## DATA SHOWN
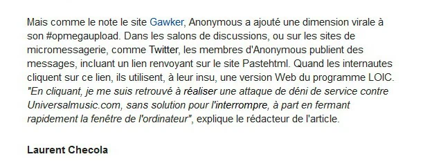 Accueil Geek Megaupload nouveau serveur et Anonymous ? Megaupload nouveau serveur et Anonymous ?zast·GeekScienceSecurité·23 janvier 2012 à 02h34 zast Suite à la fermeture de Megaupload et après avoir lu une quantité d’articles, je tenais à donner mon opinion mais surtout je vais comparer l’arrêt de Megaupload avec les BBS et les serveurs FTP. Puis je parlerai de ce qui s’est déroulé depuis la fermeture et enfin je parlerai de la liberté d’expression. Vous serez sûrement déçu car je ne vais pas donner des alternatives de Megaupload ni l’url du nouveau serveur de Megaupload (donc n’essayez surtout pas http://127.0.0.1 ;-)). Megaupload et les freewares ? Beaucoup de personnes s’étonnent et crient en voyant un site comme megaupload qui se ferme… A part un pourcentage très minime, il faut bien se rendre compte que cet hébergeur n’était pas là pour que vous puissiez télécharger vos images de distribution Linux ou des freewares. Il faut arrêter de se mettre un bandeau sur les yeux. Plus de la majorité des personnes l’utilisait à des fins illégales. Donc la fermeture de Megaupload est normale. Megaupload stockage de photos en ligne ? C’est vrai que quelques personnes (sans doute – de 2 %) ont utilisé ce service pour mettre leurs fichiers personnels (images de famille par exemple). En effet cette offre de stockage en ligne était sans comparaison au niveau du prix. Si vous alliez voir les concurrents de stockage en ligne il y a quelques années comme Dropbox, Mozy, CrashPlan, … les prix étaient exorbitants. Je parle de vrai stockage et non pas de concurrents comme Rapishare, Fileserve, … qui jouent dans la même cour que Megaupload pour les contenus (donc pas pour les distributions Linux). Personnellement, je pense qu’il faut avoir plutôt un accès Mozy, voir un serveur dédié ou un serveur Hubic (qui va sortir) plutôt que d’avoir une solution chez des sites comme Megaupload et ses amis.Donc pour revenir à ces quelques personnes qui auraient vraiment utilisé MegaUpload comme serveur de sauvegarde légal, je pense qu’il y aura sans doute un jour une infirme possibilité de retrouver un jour vos données … Megaupload, un BBS pirate ou un serveur 0 day ? On pourrait presque le comparer un BBS (bulletin board system) warez des années 80/90 ou vous trouviez des freewares et aussi des logiciels pirates. Souvent ces BBS pirates (qui se trouvaient dans le monde entier) vendaient des accès pour que vous puissiez télécharger. Ils étaient difficiles à trouver et les accès étaient donnés souvent qu’à une « élite ». Il y avait une organisation dans ces groupes avec les swappers, les coders, les crackers, …, avec des groupes mythiques comme Les Replicants, Razor 1911, … Puis soudain certains se faisaient buster (attraper) par la police … Et personne n’avait crié au scandale. Ensuite au début de l’ère d’Internet, vous pouviez trouver des serveurs FTP 0 day (voir 0 seconde) tenus par des teams qui vendaient (parfois) des accès pour que vous puissiez prendre des logiciels chez eux. Ils se trouvaient un peu partout dans le monde avec des bandes passantes ultra rapides. Encore une fois, il fallait faire parti de l’élite ou connaître les bonnes personnes pour pouvoir leecher ou être couriers. Beaucoup se sont fait arrêtés et encore une fois personne n’avait été étonné… La différence avec Megaupload par rapport à ces deux époques c’est que celui ci est accessible au plus grand nombre de personnes sans aucune connaissance. En effet, les moteurs de recherche vous permettaient de trouver facilement des contenus illicites. C’est devenu du piratage grand public et c’est fini avec le monde underground. Monsieur et madame tout le monde pouvaient (peuvent) accéder au contenu voulu… Le pire c’est que c’est la publicité qui faisait vivre ce site !Je pense vraiment que c’est pour cette raison que les gens s’offusquent principalement car on leur enlève ce qui était facilement piratable et surtout gratuit (ou payant). Personnellement je ne vois aucune différence entre ces époques. Cela a toujours été illégal… Dans le dernier cas le fondateur Kim Dotcom est devenu riche sur le dos des artistes et industriels. La police du monde entier se mettait déjà d’accord pour pouvoir attraper les différents membres dans les différents pays. Donc rien n’a changé… Depuis jeudi 19 janvier 2012 … Depuis jeudi, on a pu voir fleurir un site de phishing (109.236.83.xx) qui a été très diffusé (via le site reflets.info ? dont je ne comprends pas la démarche). Je pense que d’autres faux sites comme Megaupload vont apparaître afin de mettre des bannières de publicités et gagner de l’argent. Il y a aussi eu des attaques des Anonymous (via le logiciel Loic) sur plusieurs sites. D’ailleurs sur ces attaques, je suis surpris de lire dans un article du monde que les Anonymous ont forcé à leur insu des utilisateurs web à participer à ces attaques #opmegaupload. Si l’article de Laurent Checola est correct, je suis vraiment intrigué car je ne pensais pas que c’était la philosophie de ce groupe (surtout après avoir lu l’excellent Anonymous de Frédéric Bardeau et Nicolas Danet). Voici la liste des sites attaqués par les Anonymous : Department of Justice (Justice.gov)Motion Picture Association of America (MPAA.org)Universal Music (UniversalMusic.com)Belgian Anti-Piracy Federation (Anti-piracy.be/nl/)Recording Industry Association of America (RIAA.org)Federal Bureau of Investigation (FBI.gov)HADOPI law site (HADOPI.fr)U.S. Copyright Office (Copyright.gov)Universal Music France (UniversalMusic.fr)Senator Christopher Dodd (ChrisDodd.com)Vivendi France (Vivendi.fr)The White House (Whitehouse.gov)BMI (BMI.com)Warner Music Group (WMG.com) J’ajoute encore au moment où j’écris ces lignes http://somlivre.com/ & cbs.com (dimanche 22 janvier 2012 à 18h) De plus ce dimanche 22 janvier 
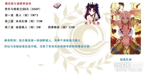 地点推荐: 魔法武士道武藏建议在雪华与蜂蜜之国EX(30AP)副本速刷。 阵容推荐 这个副本的敌方配置是统一的剑阶敌人,所以可以考虑用弓阶来克制,泳装活动抽到弓呆的玩家可以马上用起来,祖师爷和阿周那也是不错的选择。 掉落加成:
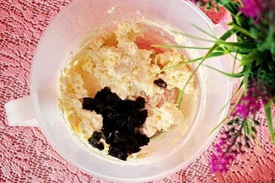 - Измельчим чернослив небольшими кусочками и добавим в творожное тесто.

## WHAT TO DO
Please set down the whole listing exactly, apart from the pictures.

## WRITTEN ANSWER
 Accueil Geek Megaupload nouveau serveur et Anonymous ? Megaupload nouveau serveur et Anonymous ?zast·GeekScienceSecurité·23 janvier 2012 à 02h34 zast Suite à la fermeture de Megaupload et après avoir lu une quantité d’articles, je tenais à donner mon opinion mais surtout je vais comparer l’arrêt de Megaupload avec les BBS et les serveurs FTP. Puis je parlerai de ce qui s’est déroulé depuis la fermeture et enfin je parlerai de la liberté d’expression. Vous serez sûrement déçu car je ne vais pas donner des alternatives de Megaupload ni l’url du nouveau serveur de Megaupload (donc n’essayez surtout pas http://127.0.0.1 ;-)). Megaupload et les freewares ? Beaucoup de personnes s’étonnent et crient en voyant un site comme megaupload qui se ferme… A part un pourcentage très minime, il faut bien se rendre compte que cet hébergeur n’était pas là pour que vous puissiez télécharger vos images de distribution Linux ou des freewares. Il faut arrêter de se mettre un bandeau sur les yeux. Plus de la majorité des personnes l’utilisait à des fins illégales. Donc la fermeture de Megaupload est normale. Megaupload stockage de photos en ligne ? C’est vrai que quelques personnes (sans doute – de 2 %) ont utilisé ce service pour mettre leurs fichiers personnels (images de famille par exemple). En effet cette offre de stockage en ligne était sans comparaison au niveau du prix. Si vous alliez voir les concurrents de stockage en ligne il y a quelques années comme Dropbox, Mozy, CrashPlan, … les prix étaient exorbitants. Je parle de vrai stockage et non pas de concurrents comme Rapishare, Fileserve, … qui jouent dans la même cour que Megaupload pour les contenus (donc pas pour les distributions Linux). Personnellement, je pense qu’il faut avoir plutôt un accès Mozy, voir un serveur dédié ou un serveur Hubic (qui va sortir) plutôt que d’avoir une solution chez des sites comme Megaupload et ses amis.Donc pour revenir à ces quelques personnes qui auraient vraiment utilisé MegaUpload comme serveur de sauvegarde légal, je pense qu’il y aura sans doute un jour une infirme possibilité de retrouver un jour vos données … Megaupload, un BBS pirate ou un serveur 0 day ? On pourrait presque le comparer un BBS (bulletin board system) warez des années 80/90 ou vous trouviez des freewares et aussi des logiciels pirates. Souvent ces BBS pirates (qui se trouvaient dans le monde entier) vendaient des accès pour que vous puissiez télécharger. Ils étaient difficiles à trouver et les accès étaient donnés souvent qu’à une « élite ». Il y avait une organisation dans ces groupes avec les swappers, les coders, les crackers, …, avec des groupes mythiques comme Les Replicants, Razor 1911, … Puis soudain certains se faisaient buster (attraper) par la police … Et personne n’avait crié au scandale. Ensuite au début de l’ère d’Internet, vous pouviez trouver des serveurs FTP 0 day (voir 0 seconde) tenus par des teams qui vendaient (parfois) des accès pour que vous puissiez prendre des logiciels chez eux. Ils se trouvaient un peu partout dans le monde avec des bandes passantes ultra rapides. Encore une fois, il fallait faire parti de l’élite ou connaître les bonnes personnes pour pouvoir leecher ou être couriers. Beaucoup se sont fait arrêtés et encore une fois personne n’avait été étonné… La différence avec Megaupload par rapport à ces deux époques c’est que celui ci est accessible au plus grand nombre de personnes sans aucune connaissance. En effet, les moteurs de recherche vous permettaient de trouver facilement des contenus illicites. C’est devenu du piratage grand public et c’est fini avec le monde underground. Monsieur et madame tout le monde pouvaient (peuvent) accéder au contenu voulu… Le pire c’est que c’est la publicité qui faisait vivre ce site !Je pense vraiment que c’est pour cette raison que les gens s’offusquent principalement car on leur enlève ce qui était facilement piratable et surtout gratuit (ou payant). Personnellement je ne vois aucune différence entre ces époques. Cela a toujours été illégal… Dans le dernier cas le fondateur Kim Dotcom est devenu riche sur le dos des artistes et industriels. La police du monde entier se mettait déjà d’accord pour pouvoir attraper les différents membres dans les différents pays. Donc rien n’a changé… Depuis jeudi 19 janvier 2012 … Depuis jeudi, on a pu voir fleurir un site de phishing (109.236.83.xx) qui a été très diffusé (via le site reflets.info ? dont je ne comprends pas la démarche). Je pense que d’autres faux sites comme Megaupload vont apparaître afin de mettre des bannières de publicités et gagner de l’argent. Il y a aussi eu des attaques des Anonymous (via le logiciel Loic) sur plusieurs sites. D’ailleurs sur ces attaques, je suis surpris de lire dans un article du monde que les Anonymous ont forcé à leur insu des utilisateurs web à participer à ces attaques #opmegaupload. Si l’article de Laurent Checola est correct, je suis vraiment intrigué car je ne pensais pas que c’était la philosophie de ce groupe (surtout après avoir lu l’excellent Anonymous de Frédéric Bardeau et Nicolas Danet). Voici la liste des sites attaqués par les Anonymous : Department of Justice (Justice.gov)Motion Picture Association of America (MPAA.org)Universal Music (UniversalMusic.com)Belgian Anti-Piracy Federation (Anti-piracy.be/nl/)Recording Industry Association of America (RIAA.org)Federal Bureau of Investigation (FBI.gov)HADOPI law site (HADOPI.fr)U.S. Copyright Office (Copyright.gov)Universal Music France (UniversalMusic.fr)Senator Christopher Dodd (ChrisDodd.com)Vivendi France (Vivendi.fr)The White House (Whitehouse.gov)BMI (BMI.com)Warner Music Group (WMG.com) J’ajoute encore au moment où j’écris ces lignes http://somlivre.com/ & cbs.com (dimanche 22 janvier 2012 à 18h) De plus ce dimanche 22 janvier 
 地点推荐: 魔法武士道武藏建议在雪华与蜂蜜之国EX(30AP)副本速刷。 阵容推荐 这个副本的敌方配置是统一的剑阶敌人,所以可以考虑用弓阶来克制,泳装活动抽到弓呆的玩家可以马上用起来,祖师爷和阿周那也是不错的选择。 掉落加成:
 - Измельчим чернослив небольшими кусочками и добавим в творожное тесто.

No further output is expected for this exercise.